Когда сгустились сумерки, я крадучись вернулся в гостиницу. Дух мой был опустошен. Только одно смягчало внутреннюю пытку: я знал, что Эгеди жива. Своим глазам я верил. У меня не было никаких подозрений против Тутайна, но теперь, как мне казалось, я его ненавидел: потому что одно лишь его присутствие разрушало мои надежды на счастье. Он убил Эллену, из-за него мне пришлось отказаться от дочери Ма-Фу, а теперь вот случился этот ужас: линчевание, почти у меня на глазах; всего три этажа – лестничная шахта глубиной в три пролета – отделяли меня от места расправы. Я не понимал, почему сразу не бросился в шахту. Непостижимо, что я все это наблюдал, но не мог оказать действенную помощь. Это зрелище, тремя этажами ниже… И мы не нашли ни одного человека – ни линчевателей, ни Эгеди. Тутайн, который опередил меня, спустившись вниз, не нашел там никого. А я, опоздавший, обнаружил лишь запертые двери.

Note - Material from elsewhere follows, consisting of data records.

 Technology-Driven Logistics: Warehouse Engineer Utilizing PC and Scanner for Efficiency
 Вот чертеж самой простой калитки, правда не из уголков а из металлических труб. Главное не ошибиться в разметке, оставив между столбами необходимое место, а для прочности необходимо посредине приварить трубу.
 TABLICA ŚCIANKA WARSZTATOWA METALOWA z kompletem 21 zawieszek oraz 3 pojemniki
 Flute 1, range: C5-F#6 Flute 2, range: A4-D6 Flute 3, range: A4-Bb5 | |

Если моя ненависть к Тутайну оставалась под контролем, то лишь потому, что меня переполнял гнев на донью Уракку. Рядом с этим гневом просто не могло уместиться другое сильное чувство. Я, значит, не мог ненавидеть Тутайна со сколько-нибудь значительной силой, потому что именно донью Уракку считал подстрекательницей к линчеванию. В этом городе мясных фабрик, элеваторов, винокурен и прессов для очистки льняного масла, где негры встречались не чаще, чем слоны, чернь не проявляла агрессии по отношению к людям с темной кожей. Работа линчевателей явно была заказной. И проделали ее именно в средней руки гостинице, принадлежащей дуэнье Уракке де Чивилкой. Сама хозяйка тем временем стояла за барной стойкой и наверняка потом скажет, что ничего не слышала. Моя бешеная злоба на хозяйку была грязной, слепой. Это ей я хотел отомстить; потому щадил Тутайна. Для моей мести он не был подходящим объектом. Я не мог обвинить его в том, что он заказал преступление; меня злила лишь его неизменная близость ко мне… Он меня ждал. Что еще ему оставалось делать? Раз уж он не устроил взбучку донье Уракке, он должен был дожидаться меня. Он сидел у разбитого окна.

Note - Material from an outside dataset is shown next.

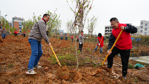 活動(dòng)現(xiàn)場(chǎng),黨員們熱情高漲。 大家分工協(xié)作,對(duì)土地進(jìn)行平整美化, 清理雜草碎石,翻松土壤,揮鍬鏟土,扶苗填坑、培土,每一個(gè)環(huán)節(jié)都一絲不茍,現(xiàn)場(chǎng)呈現(xiàn)出一派熱火朝天的勞動(dòng)景象。經(jīng)過(guò)一番辛勤勞動(dòng), 一棵棵新栽種的樹苗迎風(fēng)挺立,為校園增添了一抹新綠,也種下了春天的希望。

– Где живет Эгеди? – спросил я резко.

– Мы пойдем к ней, – смиренно ответил он.

– Мы тотчас же съедем из этой гостиницы, – сказал я.

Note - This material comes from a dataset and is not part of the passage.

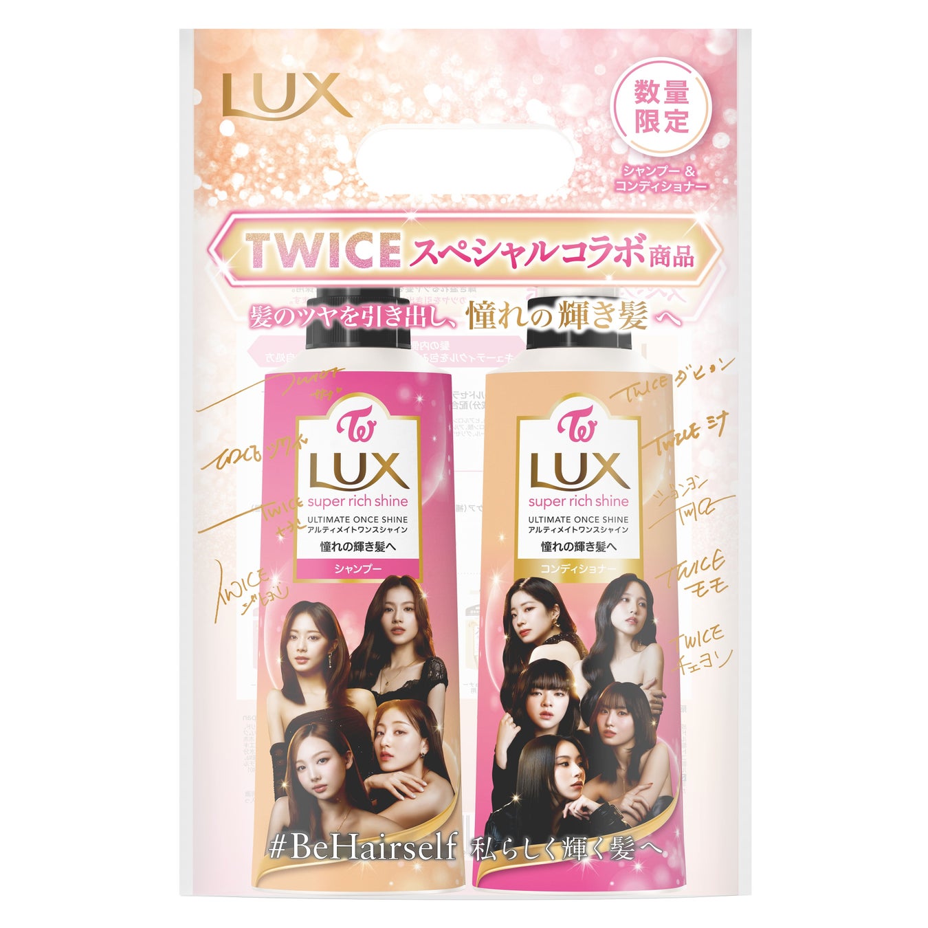 新登場のコラボボトル『ラックス スーパーリッチシャイン アルティメイトワンスシャイン TWICE限定デザイン ポンプペア』には、リッチゴールドセラム※2に加え、今回初登場となるシャイニングスターエキス※1配合処方で、内側から輝く憧れのツヤ髪へ導きます。さらに、独自処方でツヤ・インナーケア(補修・保湿)・アウターケア(補修・保湿)・うるおい・うねりケア※3を叶えます。

– Не торопись, – робко возразил он. – Ведь ничья вина пока не доказана.

Я не слушал – только ухмыльнулся, глядя в его растерянные глаза. Я начал выбрасывать на пол из шкафа и выдвижных ящиков свои пожитки, даже не пытаясь – в порядке или в беспорядке – уложить их в чемодан. Закончив это дело лишь наполовину, я выскочил из номера и бегом спустился по лестнице. В обеденной зале, как и предполагал, я обнаружил донью Уракку; швырнул ей на барную стойку сумму, причитающуюся за последний период нашего пребывания в гостинице. Потом начал говорить. Я быстро перешел на повышенный тон, захлебывался словами. Я не постыдился даже рычать, как совершенно невоспитанный человек. Я обвинил ее в том, что она заплатила своему бывшему возлюбленному, убийце, чтобы он выступил в роли линчевателя. Я продолжал нападать; хозяйка была беззащитна и против еще худшего обвинения: что будто бы двадцать лет назад она помогла своему сожителю совершить ужасное преступление – помогала ему советами и в качестве наводчицы, в качестве горничной, ублажавшей жирного скототорговца, как тому заблагорассудится. Она, дескать, получила свою награду – часть добычи. Она – бесстыжая укрывательница краденого, не постеснявшаяся стать владелицей гостиницы, где было совершено их совместное преступление: убийство с ограблением… А о том, что произошло всего несколько часов назад на лестничной площадке этой самой гостиницы, она, если и не знала раньше, узнала теперь, из моей угрожающей тирады…

Она молчала. Смахнула с прилавка деньги. Я покинул залу.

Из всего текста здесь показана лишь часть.